Три месяца затем читали его проект. Писали всякие несусветности, и все он опровергал перед ней. Прямее всех написал напротив генерал-фельдцейхмейстер Вильбуа: «Не знаю, кто составитель этого обширного проекта, но мне кажется, как будто он, под видом защиты монархии, тонким образом склоняется больше к аристократическому правлению. Влиятельные члены обязательного и государственным законом установленного Императорского совета (особенно если они обладают достаточным к тому своеволием, честолюбием и смышленностью) весьма удобно могут вырасти в соправителей».

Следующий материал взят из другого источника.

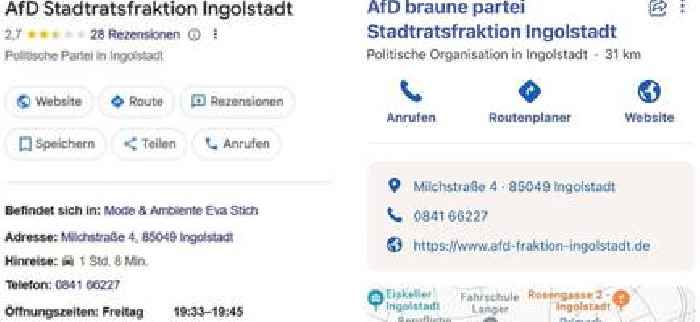 Von 19.33 Uhr bis 19.45 Uhr: Ingolstädter AfD-Büro hat „interessante Öffnungszeiten“Im Netz kursieren manipulierte Google- und Bing-Einträge zum AfD-Büro in Ingolstadt und sorgen für zahlreiche Kommentare. Denn sie sind eine eindeutige Anspielung auf die Nazi-Zeit.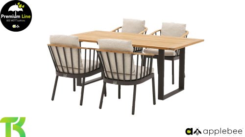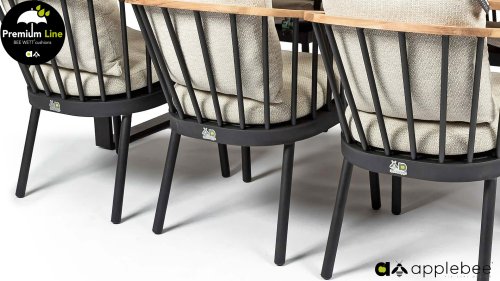 The Apple Bee Condor dining set has a sleek, robust look. This is reflected in both the chair and the table base. The set's base is made of matte black powder-coated aluminum, which is used in robust dimensions. The BEE WETT® cushions have a coarse weave, yet offer a soft touch for optimal comfort. Combined with the beautiful curves in the chair's back and the use of natural teak in the tabletop and armrests, the Apple Bee Condor still has a pleasant touch of natural warmth.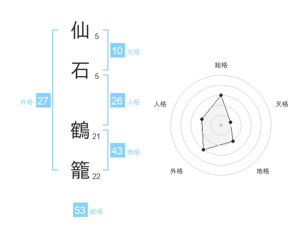 仙石 鶴籠さんを姓名の画数から五運を鑑定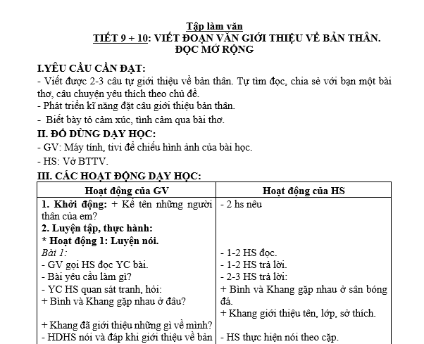 LỚP 2 TIẾT 9 + 10: VIẾT ĐOẠN VĂN GIỚI THIỆU VỀ BẢN THÂN. ĐỌC MỞ RỘNG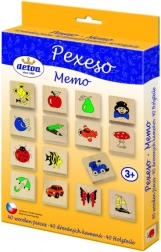 Drevené pexeso od spoločnosti Detoa je skvelou voľbou pre deti od 3 rokov. Toto pexeso obsahuje 40 dielikov o rozmeroch 4x4x1 cm, ktoré sú zdobené farebnými obrázkami, ktoré pomáhajú deťom naučiť sa rozličné symboly a farby. Kľúčové vlastnosti: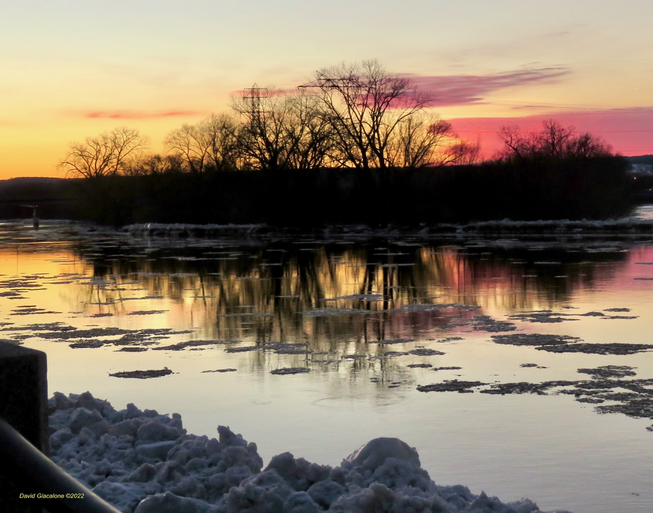 . . . . Also below: Looking west from the Riverside Park Overlook toward the Isle of the Cayugas with ice sheets on the Mohawk (Feb. 2022)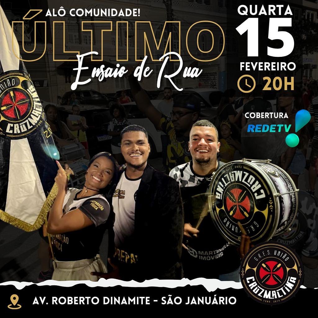 08/02/23 - União Cruzmaltina faz ensaio de rua nesta 5ª-feira às 20h na Avenida Roberto Dinamite

Опять он подробно и с примерами излагал ей, как всо то происходит в других просвещенных государствах. Она с постоянной своей внимательностью слушала, хотя не хуже его о том знала. Потом попросила назвать главнейшие добродетели, которыми обязан будет обладать член такого Императорского совета. Он с готовностью перечислил: это должен быть муж твердый и неподкупный, чтобы был умен, правдив, некорыстолюбив, с добрым сердцем, ставящий чужое выше своего и паче блюдущий государственный интерес. К тому же не ласкатель и угодник, не сластолюбец…

Она остановила его коротким движением руки:

— Ну, одного такого мы с тобой знаем, Никита Иванович. Назови кого второго!

И тут он запнулся.

— Разве что граф Григорий Орлов? — сказала она в раздумье, как бы помогая ему выбирать.

Он молчал.

— Или, может быть, граф Кирилла Григорьевич… Также Яков Шаховский… Еще Теплов, Чернышов, кто-то из Воронцовых…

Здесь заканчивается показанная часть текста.